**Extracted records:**
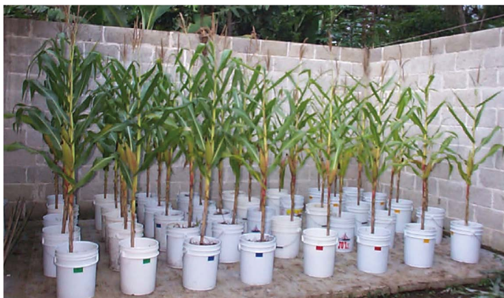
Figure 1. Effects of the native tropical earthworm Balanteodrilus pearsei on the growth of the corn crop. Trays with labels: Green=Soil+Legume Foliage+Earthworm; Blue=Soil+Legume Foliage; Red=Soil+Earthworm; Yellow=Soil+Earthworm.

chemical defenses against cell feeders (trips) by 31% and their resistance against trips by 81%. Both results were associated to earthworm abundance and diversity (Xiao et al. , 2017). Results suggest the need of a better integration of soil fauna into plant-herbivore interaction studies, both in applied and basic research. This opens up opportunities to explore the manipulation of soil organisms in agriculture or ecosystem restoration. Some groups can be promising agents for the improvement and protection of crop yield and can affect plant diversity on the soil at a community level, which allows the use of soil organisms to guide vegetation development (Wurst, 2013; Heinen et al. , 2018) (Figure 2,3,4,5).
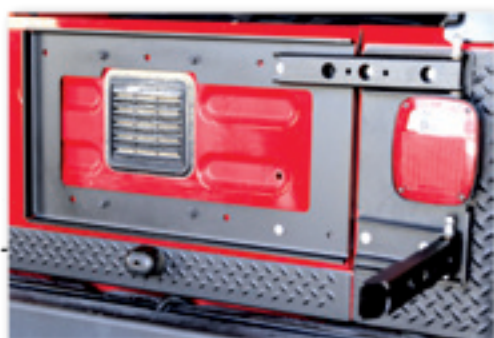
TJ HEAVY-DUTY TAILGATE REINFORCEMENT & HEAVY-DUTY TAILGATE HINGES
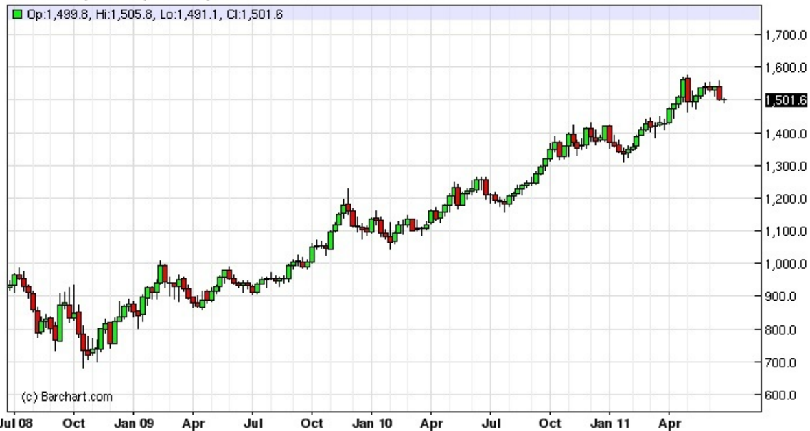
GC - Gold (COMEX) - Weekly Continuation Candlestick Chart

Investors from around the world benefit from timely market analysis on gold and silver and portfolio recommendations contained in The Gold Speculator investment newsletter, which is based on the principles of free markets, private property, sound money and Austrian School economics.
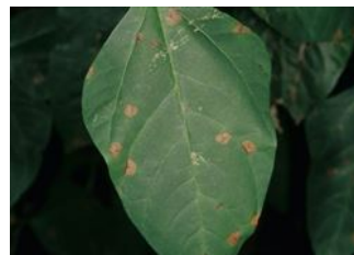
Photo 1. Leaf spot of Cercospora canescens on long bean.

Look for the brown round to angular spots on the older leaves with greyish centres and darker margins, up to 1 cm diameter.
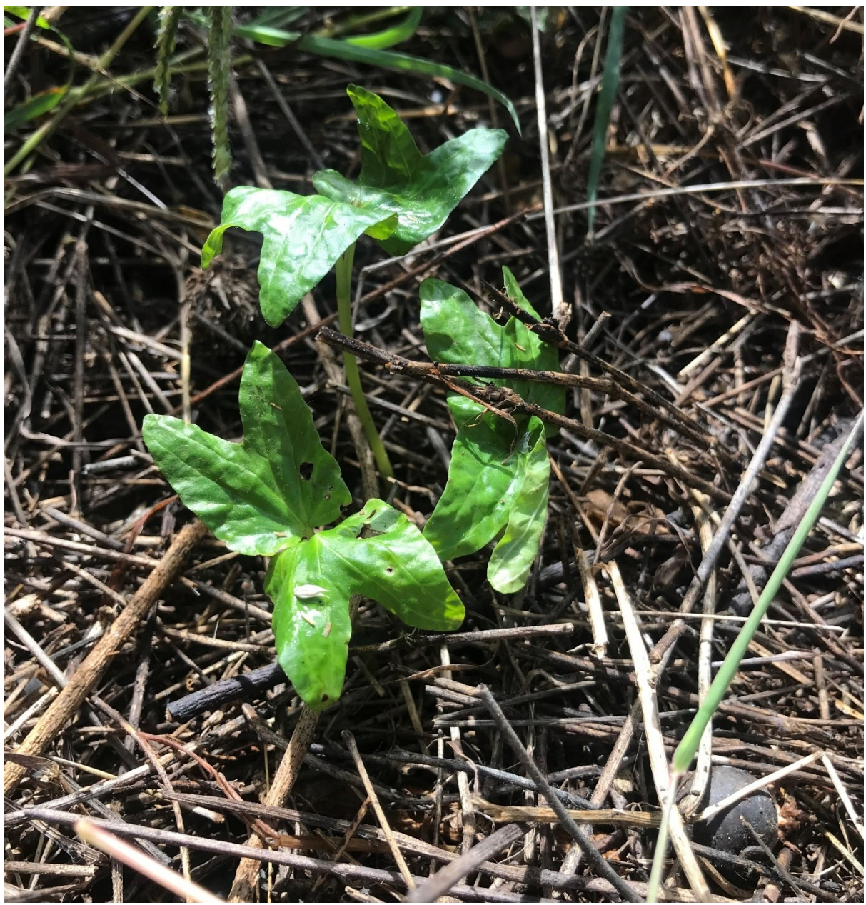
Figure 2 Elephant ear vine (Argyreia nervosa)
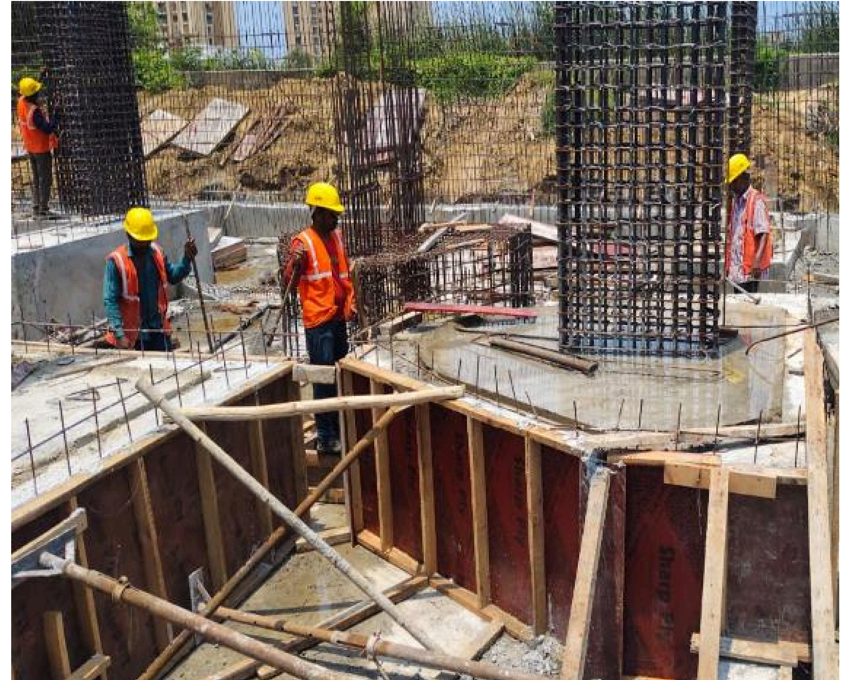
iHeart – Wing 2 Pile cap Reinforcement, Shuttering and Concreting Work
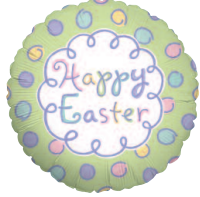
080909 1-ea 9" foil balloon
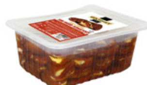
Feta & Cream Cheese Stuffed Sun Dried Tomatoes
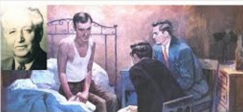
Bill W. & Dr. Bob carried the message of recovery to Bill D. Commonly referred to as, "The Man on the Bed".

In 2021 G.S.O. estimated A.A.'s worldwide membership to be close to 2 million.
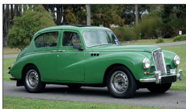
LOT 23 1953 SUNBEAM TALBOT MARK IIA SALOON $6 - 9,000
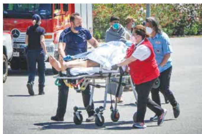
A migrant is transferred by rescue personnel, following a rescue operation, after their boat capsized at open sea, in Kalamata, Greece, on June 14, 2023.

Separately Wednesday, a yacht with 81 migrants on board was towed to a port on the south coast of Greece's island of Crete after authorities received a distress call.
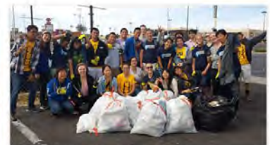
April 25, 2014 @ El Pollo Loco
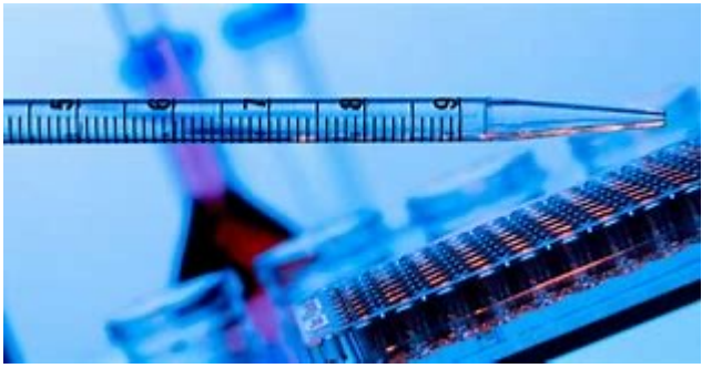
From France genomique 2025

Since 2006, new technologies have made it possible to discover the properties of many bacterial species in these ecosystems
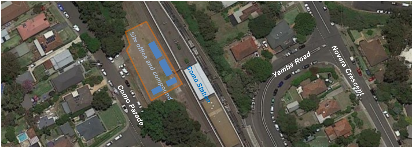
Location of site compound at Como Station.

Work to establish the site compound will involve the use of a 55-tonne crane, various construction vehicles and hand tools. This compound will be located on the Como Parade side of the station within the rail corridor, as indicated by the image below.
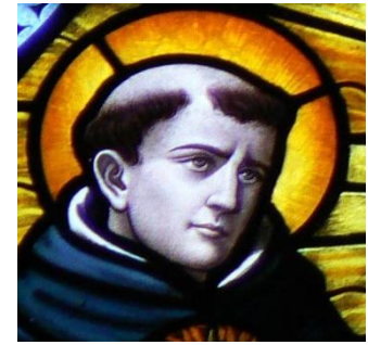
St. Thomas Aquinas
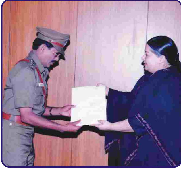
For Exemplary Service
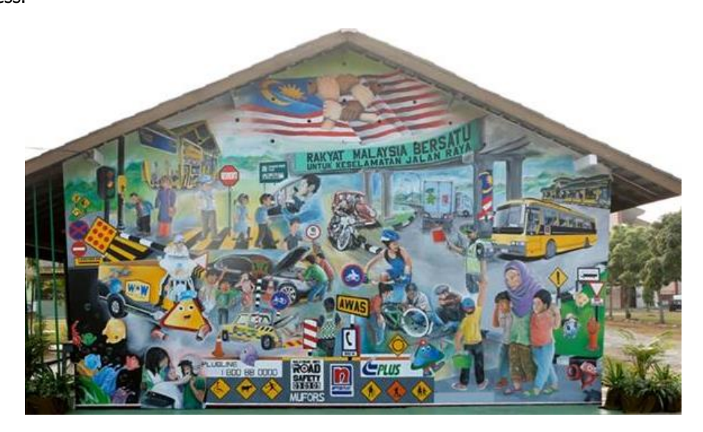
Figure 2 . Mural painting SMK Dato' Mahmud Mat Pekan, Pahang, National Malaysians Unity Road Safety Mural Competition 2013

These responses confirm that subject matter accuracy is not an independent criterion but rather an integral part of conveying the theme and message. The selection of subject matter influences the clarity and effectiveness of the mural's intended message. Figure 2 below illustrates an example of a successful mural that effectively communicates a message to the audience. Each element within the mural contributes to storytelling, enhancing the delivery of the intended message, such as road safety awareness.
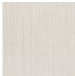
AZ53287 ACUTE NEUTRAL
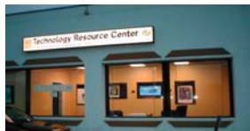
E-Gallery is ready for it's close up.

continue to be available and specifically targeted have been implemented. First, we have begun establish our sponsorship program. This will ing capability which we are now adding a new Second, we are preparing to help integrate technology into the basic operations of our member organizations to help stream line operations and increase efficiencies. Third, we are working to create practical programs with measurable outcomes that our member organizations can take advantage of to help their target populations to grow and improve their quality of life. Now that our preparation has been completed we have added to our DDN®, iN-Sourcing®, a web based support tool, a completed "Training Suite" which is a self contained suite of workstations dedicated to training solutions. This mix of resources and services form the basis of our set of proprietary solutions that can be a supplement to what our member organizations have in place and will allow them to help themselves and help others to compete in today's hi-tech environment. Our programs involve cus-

**TASK BRIEF:**
Your copy should hold the lines from the one with "April 25, 2014 @ El Pollo Loco" up to and including the one with "Figure 2 . Mural", exactly as in the data above, and no pictures.

**REPLY:**
April 25, 2014 @ El Pollo Loco
From France genomique 2025

Since 2006, new technologies have made it possible to discover the properties of many bacterial species in these ecosystems
Location of site compound at Como Station.

Work to establish the site compound will involve the use of a 55-tonne crane, various construction vehicles and hand tools. This compound will be located on the Como Parade side of the station within the rail corridor, as indicated by the image below.
St. Thomas Aquinas
For Exemplary Service
Figure 2 . Mural painting SMK Dato' Mahmud Mat Pekan, Pahang, National Malaysians Unity Road Safety Mural Competition 2013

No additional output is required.